August 10, 2015 2015 Reading List Quotes Reviews 0

Millennials BookThis book is subtitled, “Connecting to America’s Largest Generation”. As suggested, the millennial generation has surpassed the Baby Boomer numbers. As a church or business leader, it is important to understand the shifting mindset of this group. Two of my three children are from this generation and I can vouch for the fact that things are very different than they were with my Boomer parents. Obviously the world has changed, but it’s so much more than that; their minds have changed.

I love working with high school and college students, most of which are currently millennials. When I was given this book, I was excited. I am always looking for ways to connect and improve my communications with young people. As I read the book, I was let down. First of all, this book only studied the older half of the Millennial Generation (those born between 1980 and 1990). Secondly, this 284 page book could have been condensed to 5 pages of statistics followed by 25 pages of quotes and supporting documentation. The book was extremely repetitive and not well written. It jumps between the first person of 2 different authors and 3rd person without clear transitions. Simple language is made complex through irrelevance. I am confident that there are better sources for the information I am desirous to learn about this generation. Nonetheless, I like to finish what I start and glean whatever I can; so, I did highlight a few items during my reading:

  • Millennial Generation, a group of young people whose birth years range from 1980 to 2000.

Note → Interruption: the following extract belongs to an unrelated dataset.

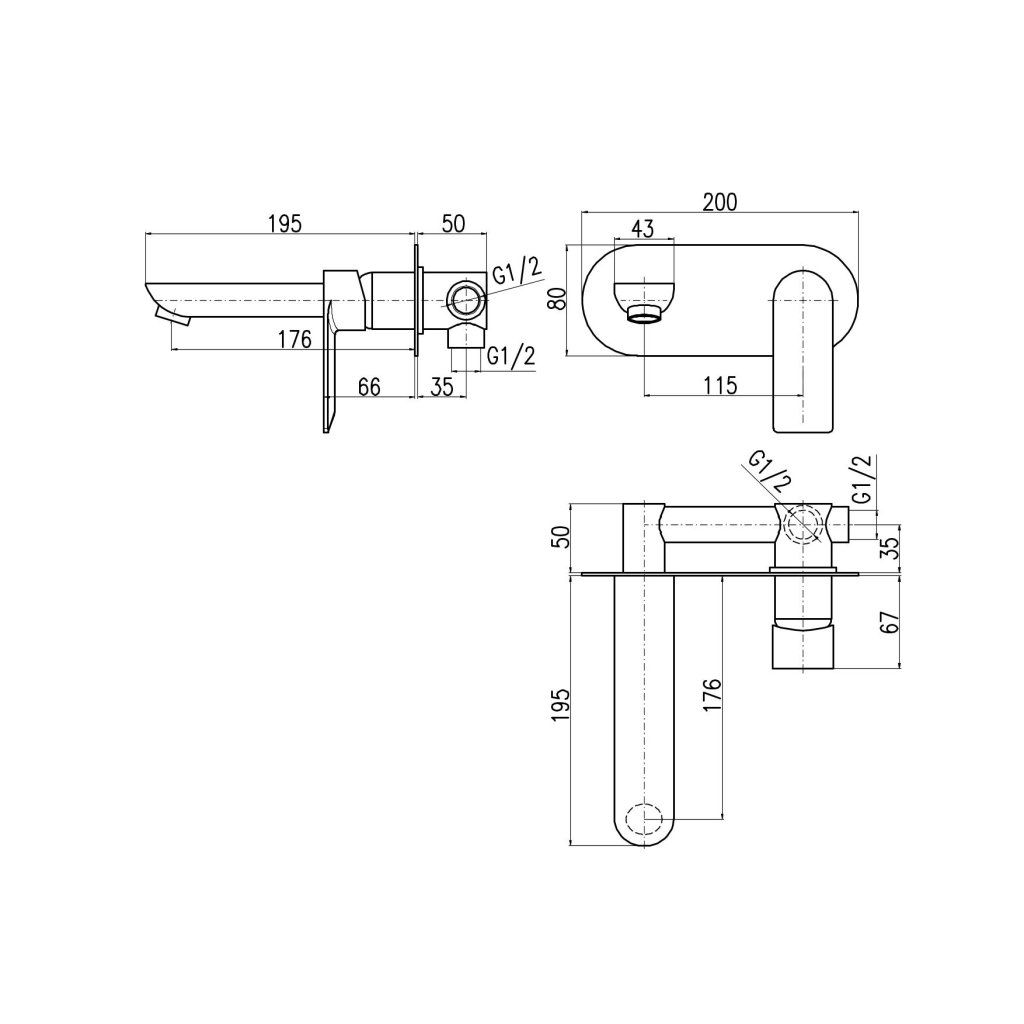 Umyvadlová baterie podomítková s tělesem NIL - NL135CMAT, Černá mat

  • If a Millennial does achieve wealth, fame, or power, it is a means to a greater good than an end in and of itself.
  • Only 13 percent of Millennials considered any type of spirituality to be important in their lives.

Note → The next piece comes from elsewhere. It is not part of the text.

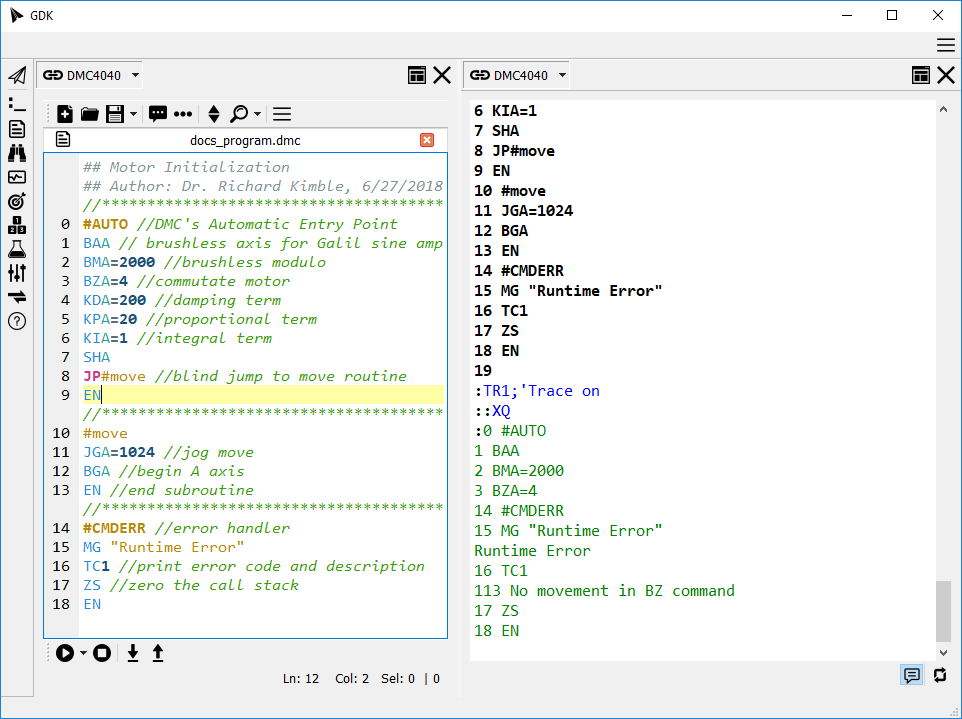GDK and gclib now support an enhanced code preprocessor. The preprocessor modifies the program prior to download providing a number of language features not present in pure DMC code.

  • The Millennials rarely describe someone first by their skin color or by their ethnic origin. That’s not what is at the foremost of our minds.

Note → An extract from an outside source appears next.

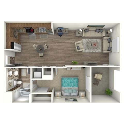 1 Bed, 1 Bath, 703 sq ftModel Gallery

  • Among the Millennials who are self-described Christians, only 18 percent said their religion was important to them. Among those who held to basic Christian doctrine (the majority of self-described Christians do not), only 38 percent said their faith was important.
  • This young generation was also clear on their expectations of the federal government. They wanted more centralized power in the government, and they thought Obama would more likely deliver on that expectation. Different exit polls generally demonstrated that eight out of ten wanted a stronger governmental role in our lives.
  • Millennials by a 71 percent to 29 percent margin thought the federal government should guarantee health-care coverage for all Americans.
  • It seems like every time I read about a Christian leader, he’s telling people what he’s against. It just all seems so negative – quoting a Millennial
  • Religion is thus viewed by many of the Millennials as just another divisive force in the world.
  • Music, Internet, and television each outranked religious beliefs, a spouse, and a boss in terms of influence.
  • Nearly three-fourths of the generation call themselves spiritual but not religious.
  • The news of the morning paper is old. It happened yesterday. They already know the events from the previous day. It’s time to move forward.